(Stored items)
──────

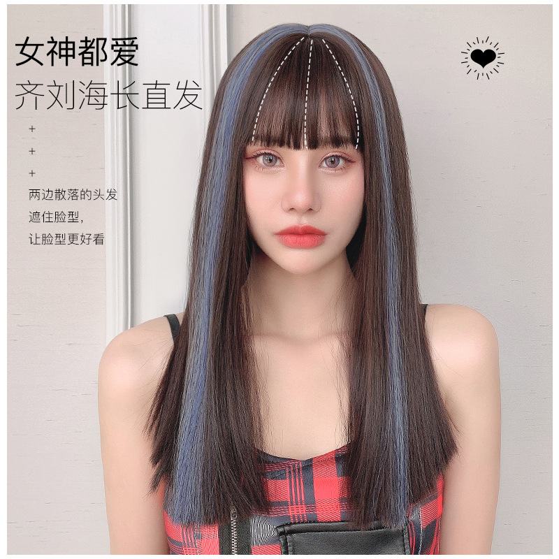 かつらの女性のロングストレートのネットの赤い刀は全部切って前髪の中の長い黒色のかつらのカバーを切ります。
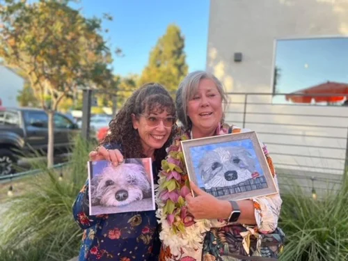 Happy Clients with a very happy family member. This Christmas present was a fun one to create. Look at those EARS! I’m thrilled the colors of her ears matched their PJ’S… fun fun!
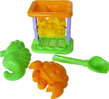 - Набор №344: песочная мельница №2 с основанием, совок №2, формочки (краб №2 + морской конёк) по выгодной цене 164 р. руб.;
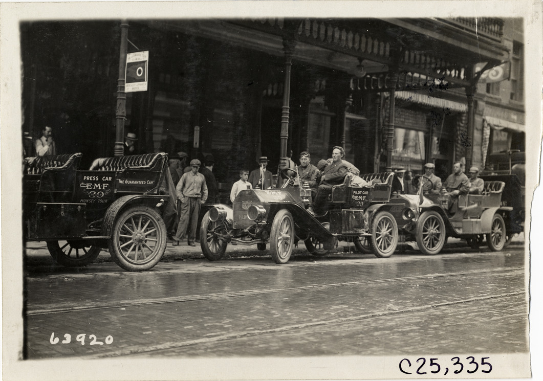E-M-F press and pilot automobiles parked in street, 1910 Munsey Historic Tour
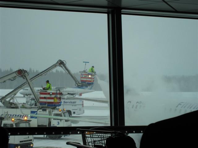 今回はフィンエアーで行きましたが、途中、フィンランドで経由する時、外が真っ白なのに驚きました。写真は飛行機について固まった雪を溶かしているところです。滑走路にも雪がありました。滑らないかとヒヤヒヤしました。やっぱり飛行機は怖い;;
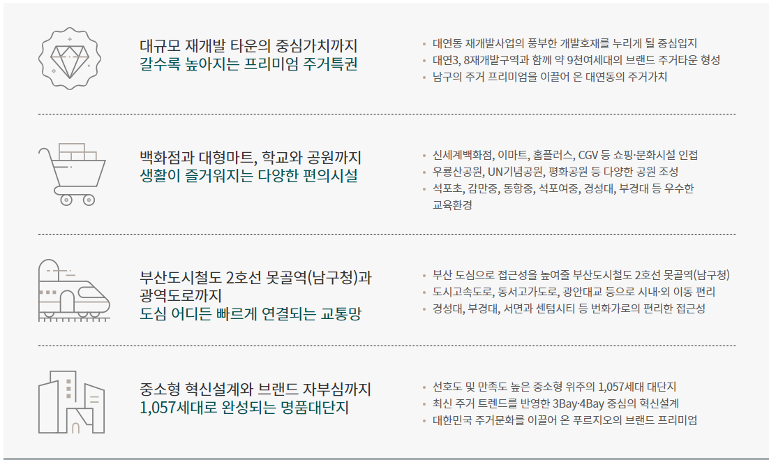 단지는 부산광역시 남구 대연동 1203-100번지 일원에 지하 4층~지상 36층 8개동, 전용면적 59~84㎡, 총 1057가구로 구성되며, 이 중 592가구가 일반 분양된다. 전용면적별로는 ▲59㎡ 154가구 ▲74㎡ 313가구 ▲84㎡ 125가구 등이다.
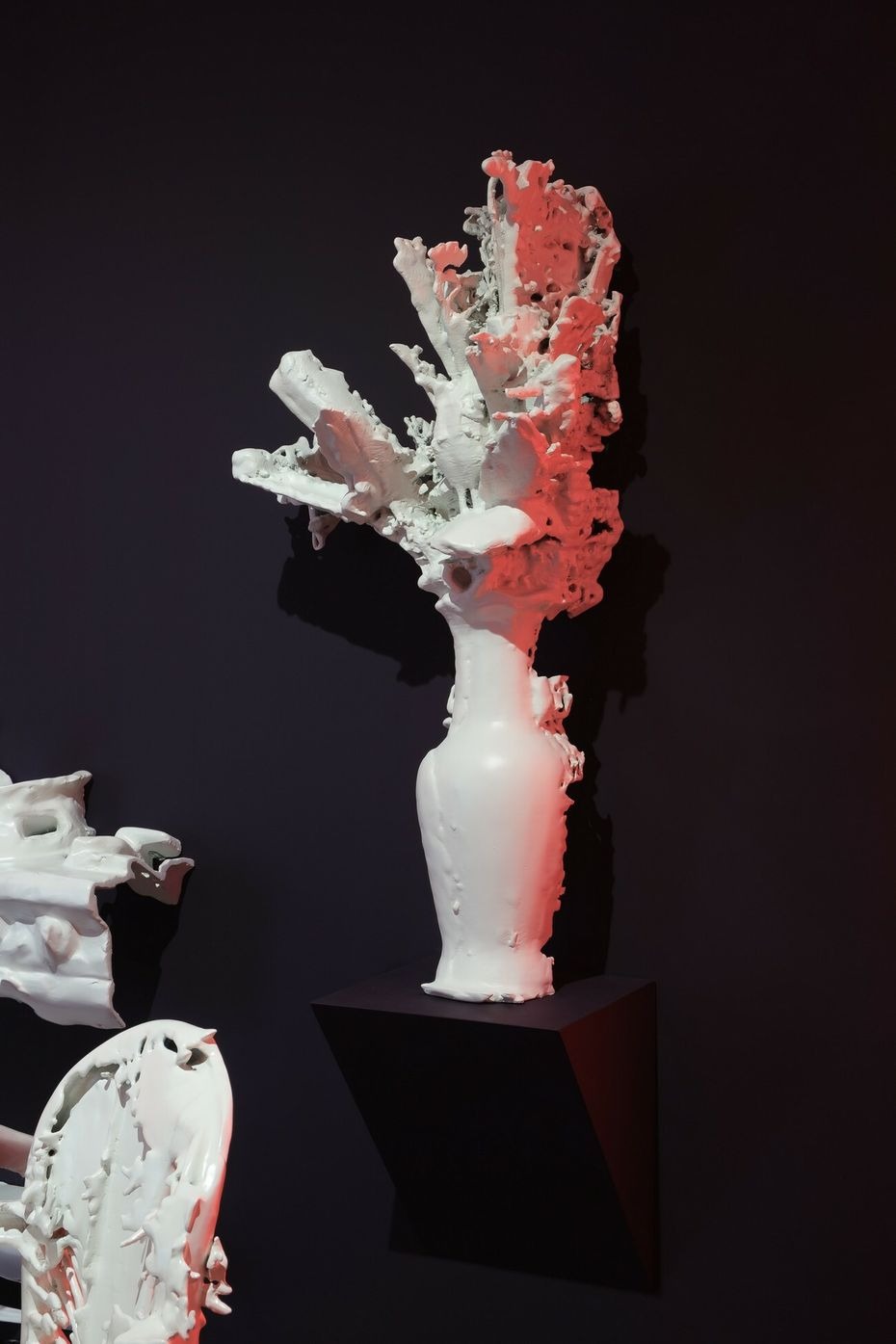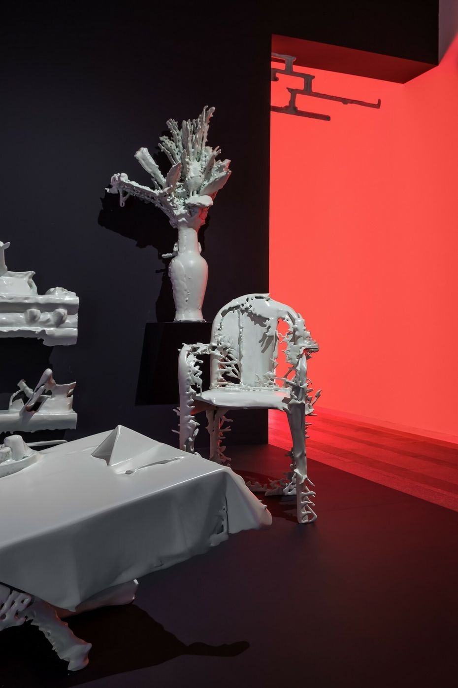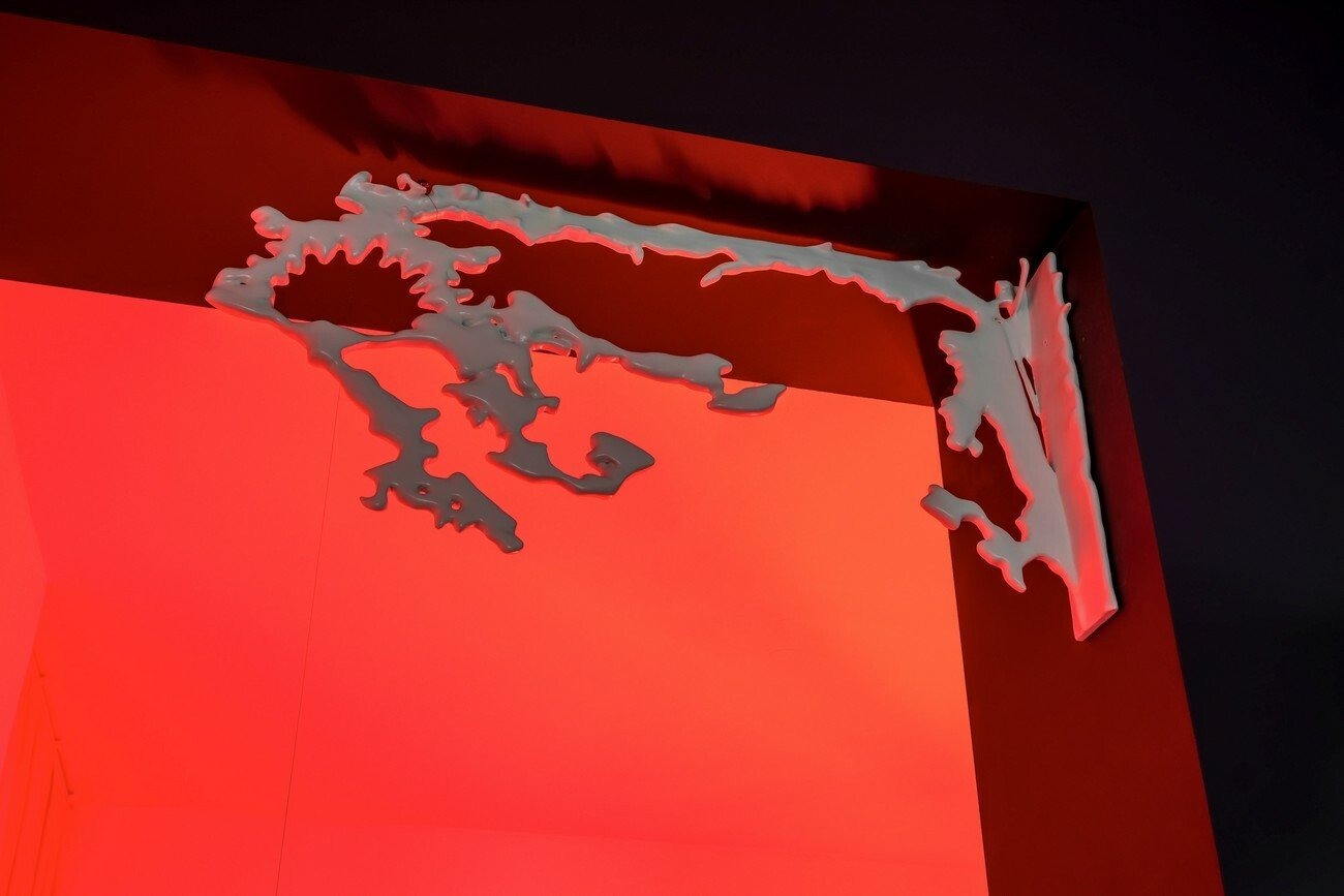 From here, the structure can be navigated as if it is an internal space of a body: there are two organ spaces and vessels that connect them. In the adjacent symmetric formwork rooms, there are constantly working peristaltic pumps. The sculptures on the top of the machines are entangled, creating a hybrid body. The physical feeling of outside and inside becomes blurred in all elements of Lee’s installation. The dry and hard facade surface is covered with concrete, while the outer layer of the sculptures are cracked allowing a viscous liquid to flow out. The slush inside bursts through a shell that once looked solid.
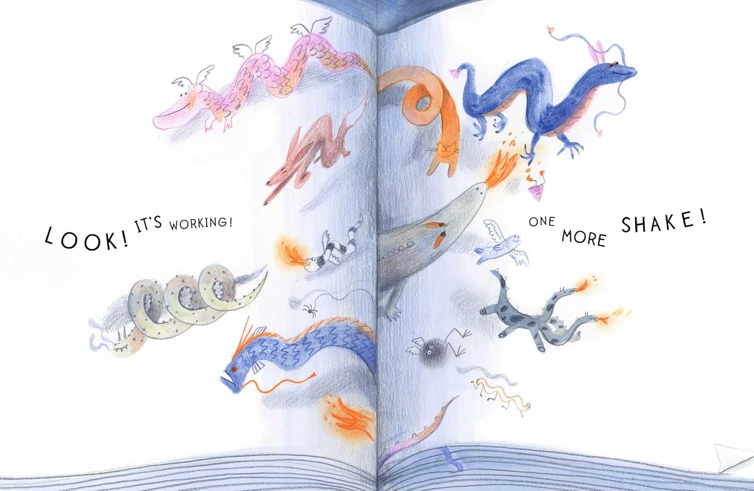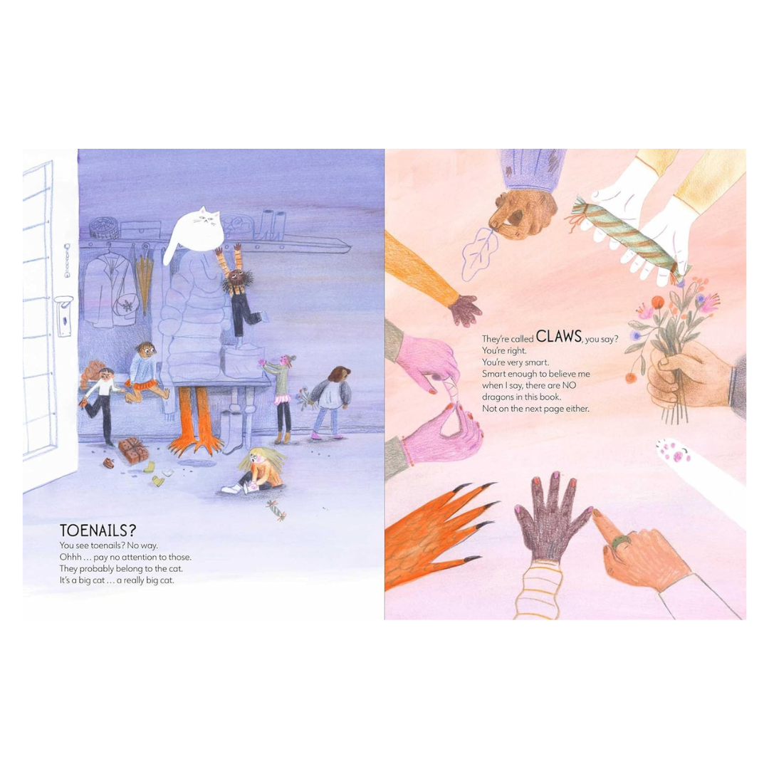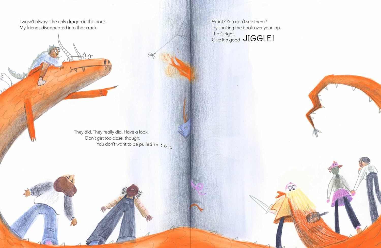 There are no dragons in this book! Wait, is that really true? There was one right here, wasn’t there? Was he hiding in the attic? What do you mean, he’s not alone? Come on, let’s give the book a good shake and see what happens!
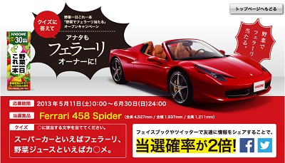 野菜ジュースを飲んで「フェラーリ458スパイダー」をもらおう!
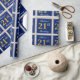 This simple and elegant wrapping paper design features a personalized message like "Andrew’s 21st Birthday" (with the "21st" having a faux/imitation gold-like colouring look) within a blue-coloured square area featuring a simple border outline. The name is in an elegant white-coloured script-like text, and can be customized. Wrapping paper like this could perhaps be used when wrapping birthday gifts for somebody who is celebrating their twenty first birthday. [~Z0000221]
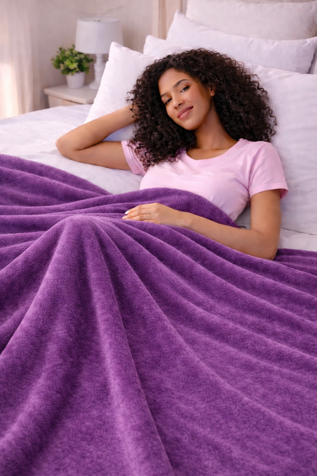 Elegant Embossed Blanket | Luxury Coral AC Fleece (LIGHT PURPLE)
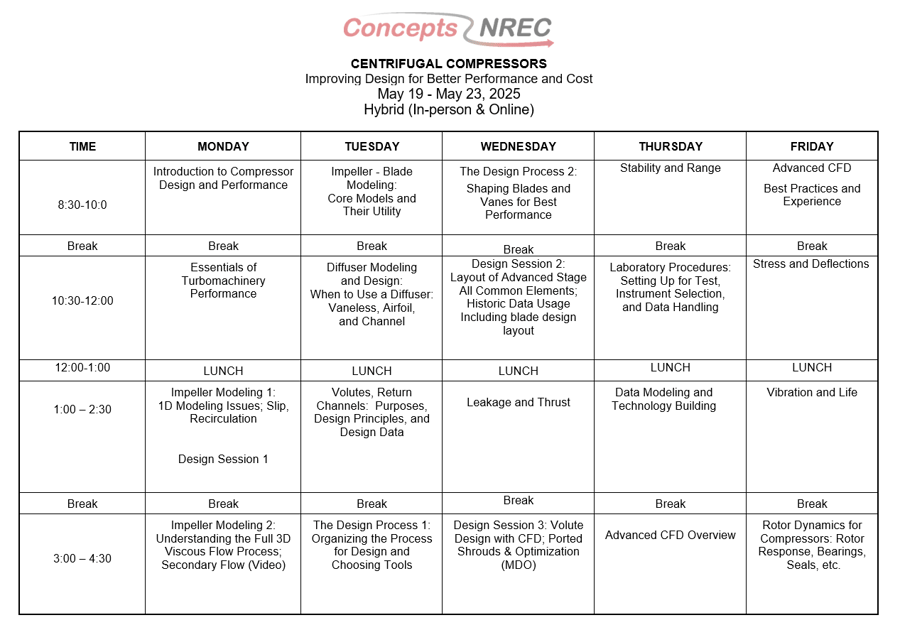 The course materials have been developed over many years and are regularly reviewed to ensure that they are kept up to date. Course fee includes the textbook, Centrifugal Compressor Design and Performance, written by Dr. David Japikse. If you already have the book, let us know at registration and we will subtract the cost from your fee.
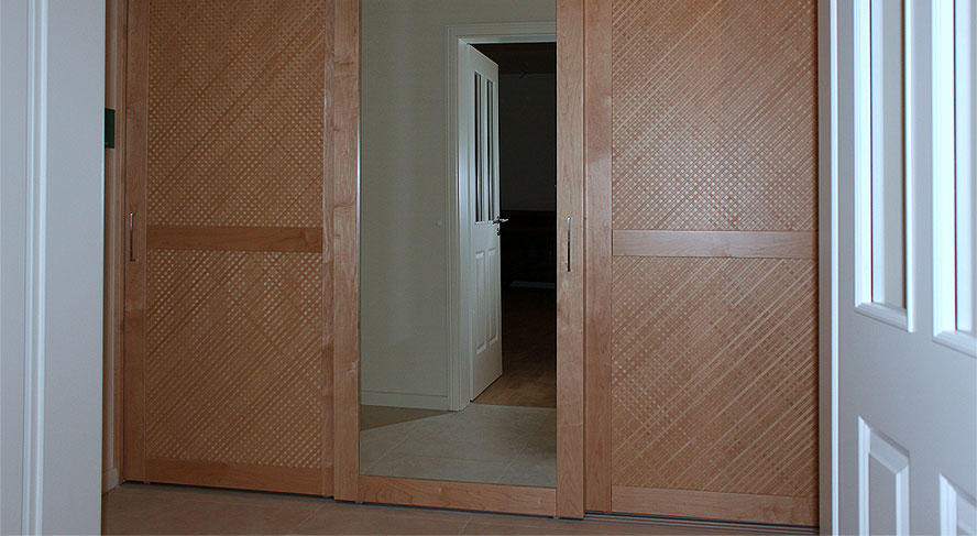 - Arbeit in Ahorn-Furnier mit massiven Ahorn-Geflecht Türen
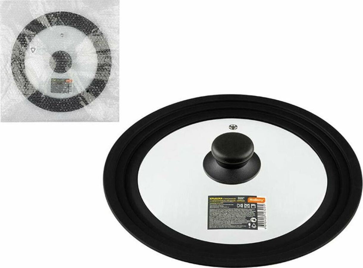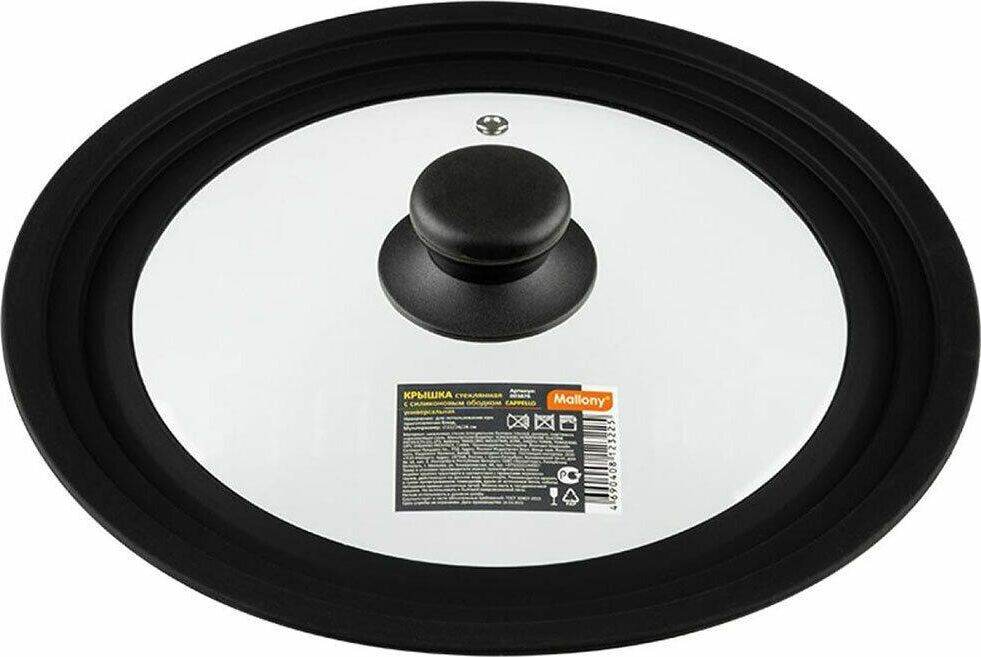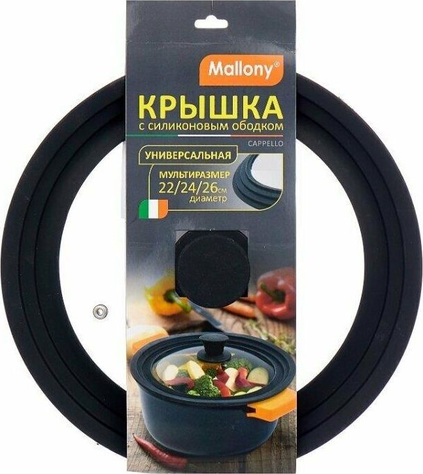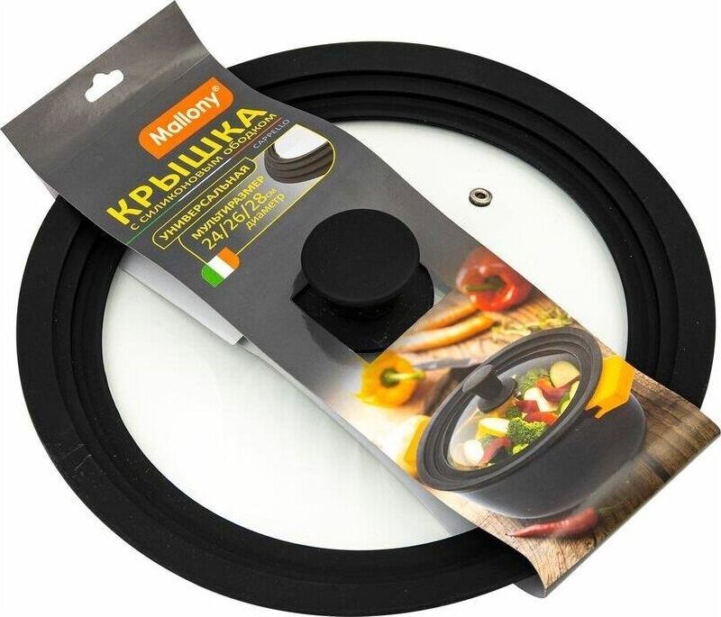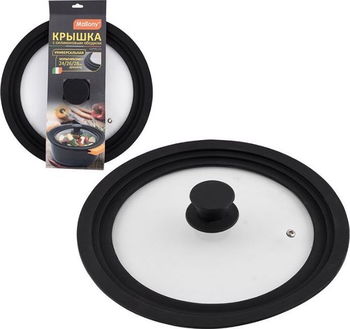Крышка универсальныая CAPPELLO мультиразмер: 24/26/28см, материалы — закаленное стекло, силикон, нерж сталь толщина стекла — 4 мм; крепеж из 304 нерж стали Упаковка — цветной рукав + пузырчатая пленка Можно мыть в посудомоечной машине. Можно использовать в духовом шкафу. Крышка универсальная подходит для посуды разного диаметра 24/26/28 см, имеет отверстие для выхода пара и силиконовый ободок, который предохраняет крышку от механических повреждений. В комплект входит силиконовая ручка с набором крепежа.
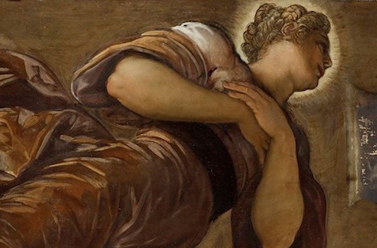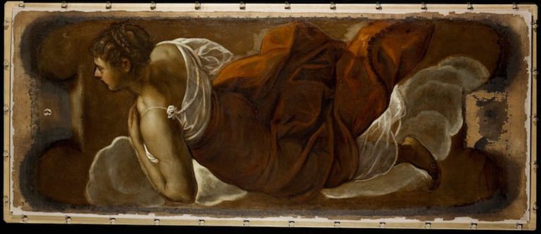 Surrounding his central painting of Saint Roch in Glory in the Sala dell’Albergo, Tintoretto added allegorical representations of the other major Venetian Scuole Grandi, as well as personifications of the virtues and seasons, as well as female figures. The two Female Figures in Flight are particularly striking for the rendering of their rich draperies, which flutter in the wind. The paintings were executed with the help of Tintoretto’s workshop assistants, and likely offered without charge following the Scuola’s acceptance of the central painting.
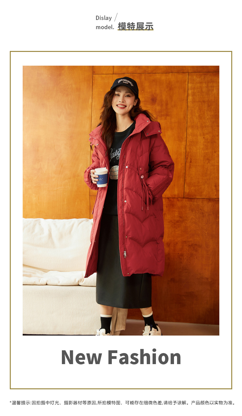 立领拼接袖羽绒服女2024年冬季新款加厚宽松90%鸭绒中长款外套

──────

• [Action item]
Every record should come back exactly as it is, though none of the pictures should.

• [Exercise solution]
 かつらの女性のロングストレートのネットの赤い刀は全部切って前髪の中の長い黒色のかつらのカバーを切ります。
 Happy Clients with a very happy family member. This Christmas present was a fun one to create. Look at those EARS! I’m thrilled the colors of her ears matched their PJ’S… fun fun!
 - Набор №344: песочная мельница №2 с основанием, совок №2, формочки (краб №2 + морской конёк) по выгодной цене 164 р. руб.;
E-M-F press and pilot automobiles parked in street, 1910 Munsey Historic Tour
 今回はフィンエアーで行きましたが、途中、フィンランドで経由する時、外が真っ白なのに驚きました。写真は飛行機について固まった雪を溶かしているところです。滑走路にも雪がありました。滑らないかとヒヤヒヤしました。やっぱり飛行機は怖い;;
 단지는 부산광역시 남구 대연동 1203-100번지 일원에 지하 4층~지상 36층 8개동, 전용면적 59~84㎡, 총 1057가구로 구성되며, 이 중 592가구가 일반 분양된다. 전용면적별로는 ▲59㎡ 154가구 ▲74㎡ 313가구 ▲84㎡ 125가구 등이다.
 From here, the structure can be navigated as if it is an internal space of a body: there are two organ spaces and vessels that connect them. In the adjacent symmetric formwork rooms, there are constantly working peristaltic pumps. The sculptures on the top of the machines are entangled, creating a hybrid body. The physical feeling of outside and inside becomes blurred in all elements of Lee’s installation. The dry and hard facade surface is covered with concrete, while the outer layer of the sculptures are cracked allowing a viscous liquid to flow out. The slush inside bursts through a shell that once looked solid.
 There are no dragons in this book! Wait, is that really true? There was one right here, wasn’t there? Was he hiding in the attic? What do you mean, he’s not alone? Come on, let’s give the book a good shake and see what happens!
 野菜ジュースを飲んで「フェラーリ458スパイダー」をもらおう!
 This simple and elegant wrapping paper design features a personalized message like "Andrew’s 21st Birthday" (with the "21st" having a faux/imitation gold-like colouring look) within a blue-coloured square area featuring a simple border outline. The name is in an elegant white-coloured script-like text, and can be customized. Wrapping paper like this could perhaps be used when wrapping birthday gifts for somebody who is celebrating their twenty first birthday. [~Z0000221]
 Elegant Embossed Blanket | Luxury Coral AC Fleece (LIGHT PURPLE)
 The course materials have been developed over many years and are regularly reviewed to ensure that they are kept up to date. Course fee includes the textbook, Centrifugal Compressor Design and Performance, written by Dr. David Japikse. If you already have the book, let us know at registration and we will subtract the cost from your fee.
 - Arbeit in Ahorn-Furnier mit massiven Ahorn-Geflecht Türen
Крышка универсальныая CAPPELLO мультиразмер: 24/26/28см, материалы — закаленное стекло, силикон, нерж сталь толщина стекла — 4 мм; крепеж из 304 нерж стали Упаковка — цветной рукав + пузырчатая пленка Можно мыть в посудомоечной машине. Можно использовать в духовом шкафу. Крышка универсальная подходит для посуды разного диаметра 24/26/28 см, имеет отверстие для выхода пара и силиконовый ободок, который предохраняет крышку от механических повреждений. В комплект входит силиконовая ручка с набором крепежа.
 Surrounding his central painting of Saint Roch in Glory in the Sala dell’Albergo, Tintoretto added allegorical representations of the other major Venetian Scuole Grandi, as well as personifications of the virtues and seasons, as well as female figures. The two Female Figures in Flight are particularly striking for the rendering of their rich draperies, which flutter in the wind. The paintings were executed with the help of Tintoretto’s workshop assistants, and likely offered without charge following the Scuola’s acceptance of the central painting.
 立领拼接袖羽绒服女2024年冬季新款加厚宽松90%鸭绒中长款外套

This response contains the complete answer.